As Call sat in the schoolhouse, preparing to go out, he heard two loud bursts from the .50-caliber machine gun on the roof . . . Call and his men dashed out the front door. Pena had shot an unarmed Iraqi man on the street. The man had walked past the signs that mark the 200-yard "disable zone" that surrounds the Alamo and into the 100-yard "kill zone" around the base. The Army had forced the residents of the block to leave the houses last year to create the security perimeter. . . . Looking at the man splayed on the ground, Call turned to his medic, Specialist Patrick McCreery, and asked, "What the f--- was he doing?"
McCreery didn't answer. The man's internal organs were hanging out of his side, and his blood was pouring across the ground. He was conscious and groaning. His eyelids hung halfway closed.
"What ... did they shoot him with?" McCreery asked, sweat beginning to show on his brow. "Did someone call a ... ambulance?"

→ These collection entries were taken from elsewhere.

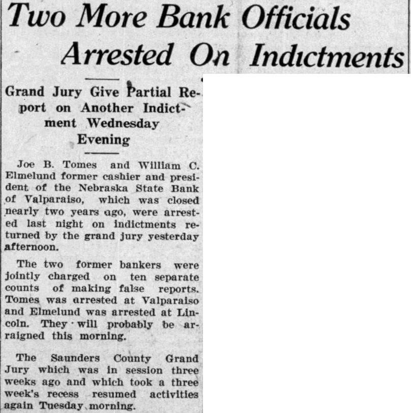 Officials Arrested On Indictments Grand Jury Give port on Another Indictment Wednesday Evening Joe Tomes and Elmelund former and dent the Nebraska State Bank of Valparaiso, which was closed nearly years ago, were arrested last night indictments turned the grand jury yesterday afternoon. The two former bankers jointly charged on ten separate counts of making false reports. Tomes arrested at Valparaiso and Elmelund was arrested coln. They will probably be raigned this morning. The Saunders County Grand Jury which was in session three ago and which took three week's recess resumed activities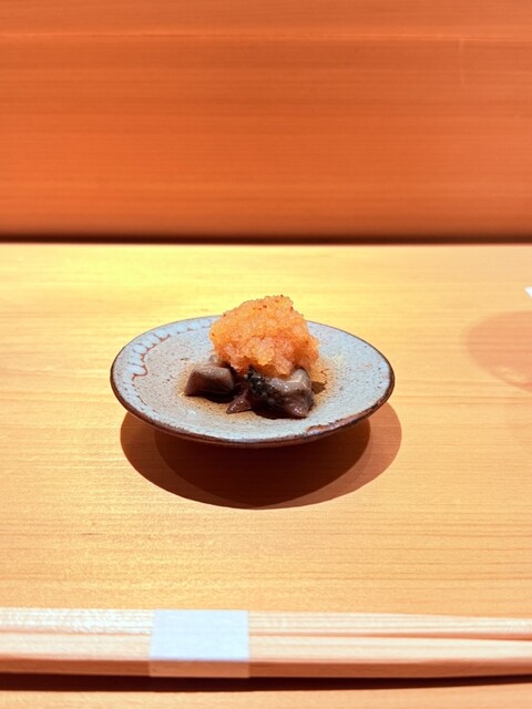 茶振でさっと火を通したなまこでコリコリ食感が残りピリッと辛いもみじおろしがアクセント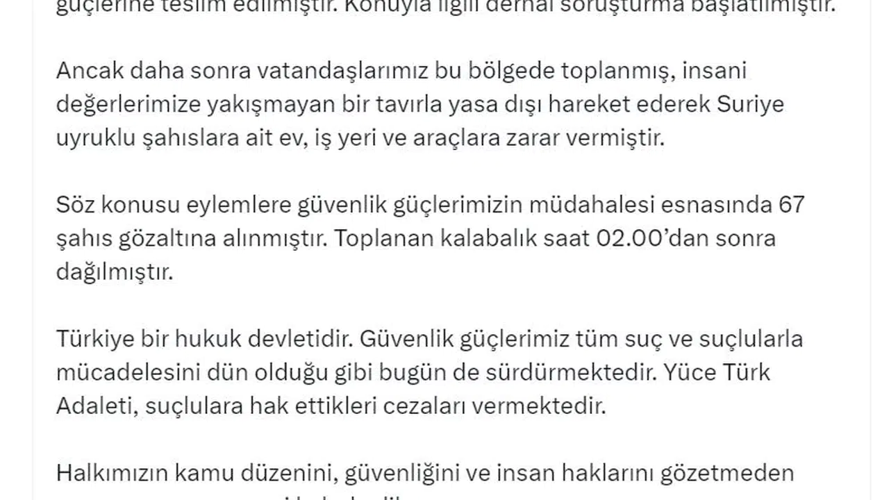 Aliekber METE/ANKARA,(DHA)- İÇİŞLERİ Bakanı Ali Yerlikaya, Kayseri'nin Melikgazi ilçesinde Suriye uyruklu bir kişinin 7 yaşındaki çocuğu taciz ettiği iddialarının ardından yaşanan olaylara ilişkin, "Konuyla ilgili derhal soruşturma başlatılmıştır. Ancak daha sonra vatandaşlarımız bu bölgede toplanmış, insani değerlerimize yakışmayan bir tavırla yasa dışı hareket ederek Suriye uyruklu şahıslara ait ev, iş yeri ve araçlara zarar vermiştir. Söz konusu eylemlere güvenlik güçlerimizin müdahalesi esnasında 67 şahıs gözaltına alınmıştır" dedi.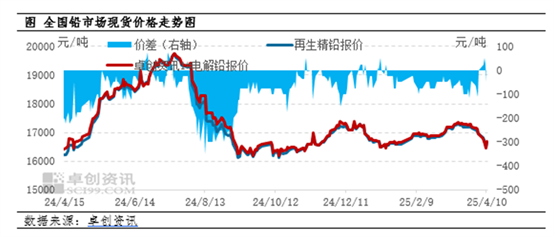 本周再生精铅价格重心下移。截至2025/4/10,卓创资讯全国再生精铅含税主流出厂价格16575—16625元/吨,均价16600元/吨,较上周四跌300元/吨,跌幅1.77%;较去年同期涨450元/吨,涨幅2.78%;今年累计跌75元/吨,跌幅0.45%。本周均价16650元/吨,较前一周均价跌408.5元/吨,跌幅2.39%。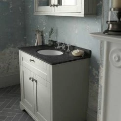 Old London 800mm Cabinet & Single Bowl Black Marble Top – Storm Grey

The call to prayer was starting at a mosque down the street. The words "Allahu Akbar" - God is great - wafted down from a minaret's speakers.
The man looked up at the sky as he heard the words. He repeated the phrase "Ya Allah. Ya Allah. Ya Allah." Oh God. Oh God. Oh God.
He looked at McCreery and raised his finger toward the house in front of him.
"This my house," he said in broken English.
McCreery reached down. With his hands cupped, he shoved the man's organs back into his body and held them in place as Call unwrapped a bandage to put around the hole.
"He's fading, he's fading," McCreery shouted.
Looking into the dying man's eyes, the medic said, "Haji, haji, look at me," using the honorific title reserved for older Muslim men who presumably have gone on Hajj - pilgrimage - to Mecca.
"Why? Why?" asked the man, his eyes beginning to close.
"Haji, I don't know," said McCreery, sweat pouring down his face.
An Iraqi ambulance pulled up and the Humvees followed. They followed the man to the hospital they'd raided a few days earlier. The soldiers filed in and watched as the man died.
Call said nothing. McCreery, a 35-year-old former foundry worker from Levering, Mich., walked toward a wall, alone. He looked at the dead man for a moment and wiped tears from his eyes.
A few days later, Call's commander asked him to take pictures of the entrails left by the man Pena had shot, identified as Wissam Abbas, age 31, to document that Abbas was inside the sign warning of deadly force.
McHenry, who was driving, told him, "There's not going to be much left, sir. The dogs will have eaten all of it."
Pena was up on the schoolhouse roof manning the same .50-caliber machine gun. He didn't say a word about the man he'd killed. As he stared at a patch of earth in front of him, at Samarra and its wreckage, he couldn't contain his frustration.
"No one told me why I'm putting my life on the line in Samarra, and you know why they didn't?" Pena asked. "Because there is no f------ reason."
And does anybody think a few soccer balls are going to make up for this?